Dear Arko,
An average B-factor of 25 does not exclude that certain atoms have
B-factors of 150 or more, as long as this is compensated by atoms with a
low B-factor (say 5-10). If you select in coot <Measures> - <residue
info> and then click on a residue, you will get a listing of the
occupancies and temperature factors of the individual atoms in the
residue. This should give you a handle on how to interpret the temp
factor variance plot.
Best,
Herman
________________________________
From: CCP4 bulletin board [mailto:[email protected]] On
Behalf Of Arka Chakraborty
Sent: Sunday, April 22, 2012 9:18 AM
To: [email protected]
Subject: Re: [ccp4bb] high temp factor in coot!
Hi Dr. Bernhard,
I was actually confused because the baverage program in ccp4
gave average bfactor of 25.0 for the residue but coot is showing 150!

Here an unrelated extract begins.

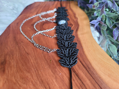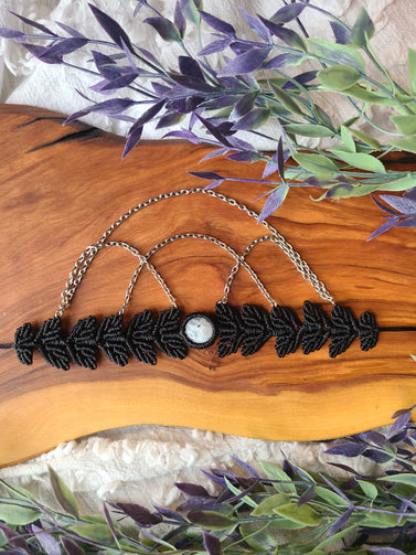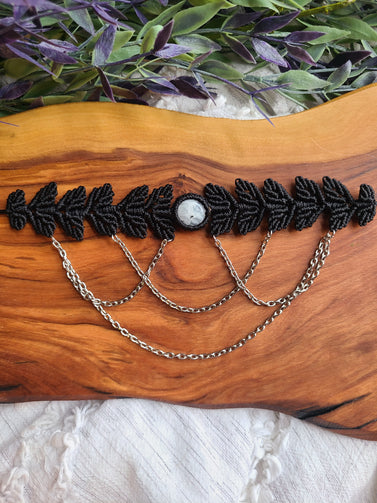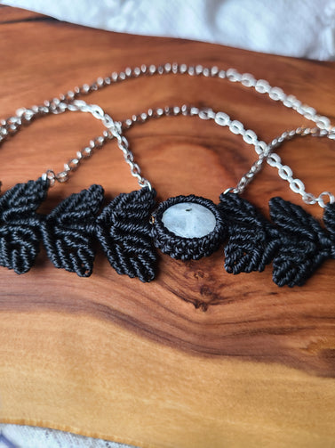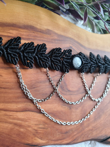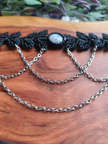 A beautiful and unique handmade leaf style choker featuring rainbow moonstone and delicate chains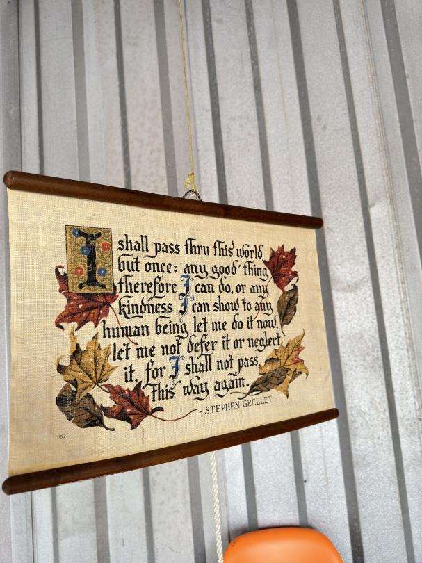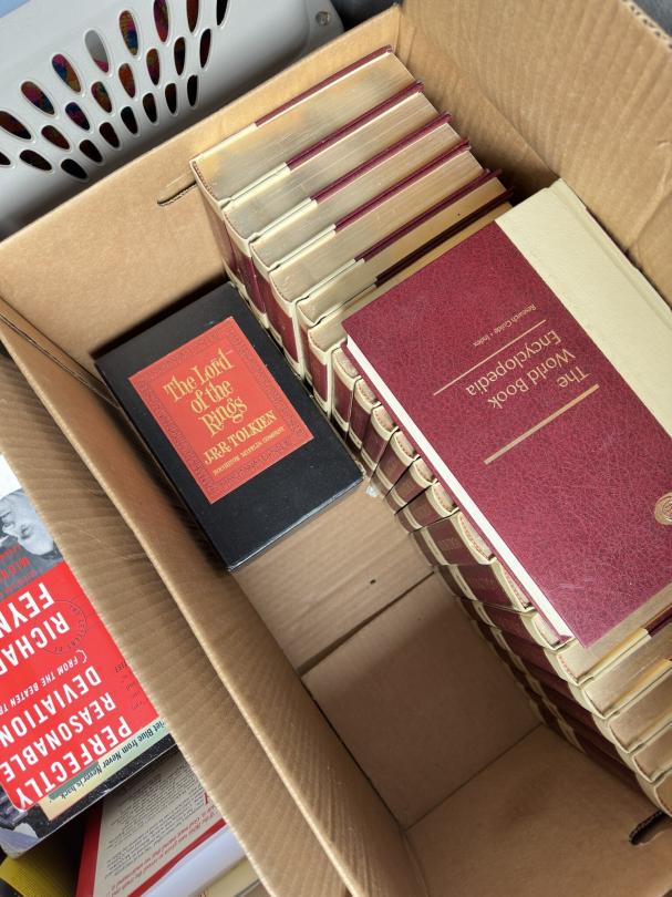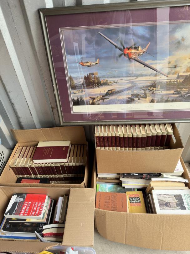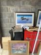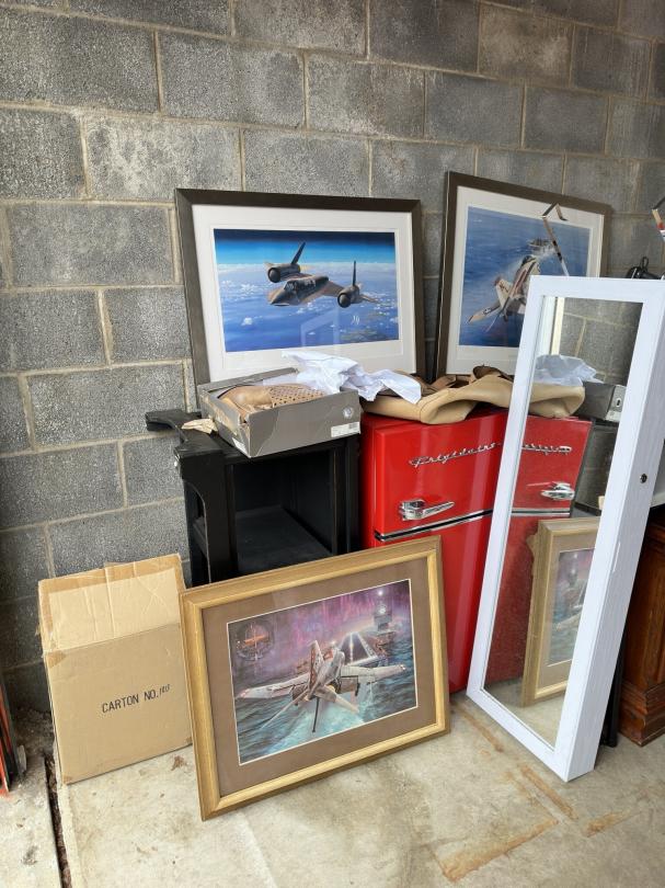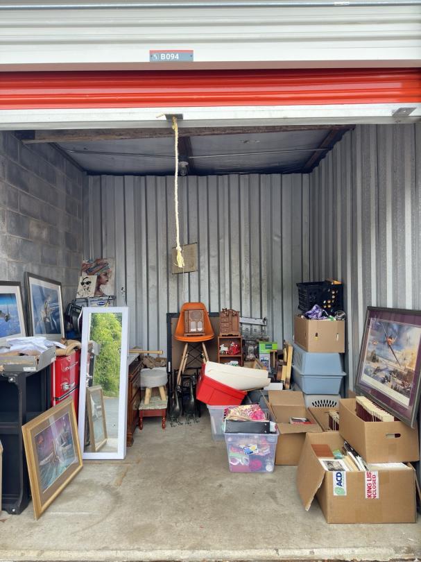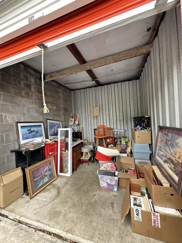 This unit appears to contain…Print with signature, refrigerator, chairs, table, mirror , shoes, home decor, nightstands , collectible books, bags, yard decor, vacuum cleaners, dishes.

Also its a high resolution structure(res 1.6 ang) and the density after
refinement is lovely and does not indicate any disorder. So I was
wandering if I am interpreting the temp factor variance plot in coot in
a wrong way!
Regards
ARKO
On Sat, Apr 21, 2012 at 11:58 PM, Bernhard Rupp
<[email protected]> wrote:
Don't worry. High B-factor just means that the
probability of the atoms being at the specified coordinate position is
low, for whatever reason.
In most cases this is completely normal and often
indicative of solvent exposed surface residues, and a look at the
electron density will
show whether this uncertainty is due to absence of
electron density or a result of poor modeling. Remember that cranking up
the B-factor is the
'emergency exit' for the refinement program if an atom
is located at an incorrect coordinate position from which it cannot be
expelled (due to
stereochemical restraints).
BR
From: CCP4 bulletin board [mailto:[email protected]]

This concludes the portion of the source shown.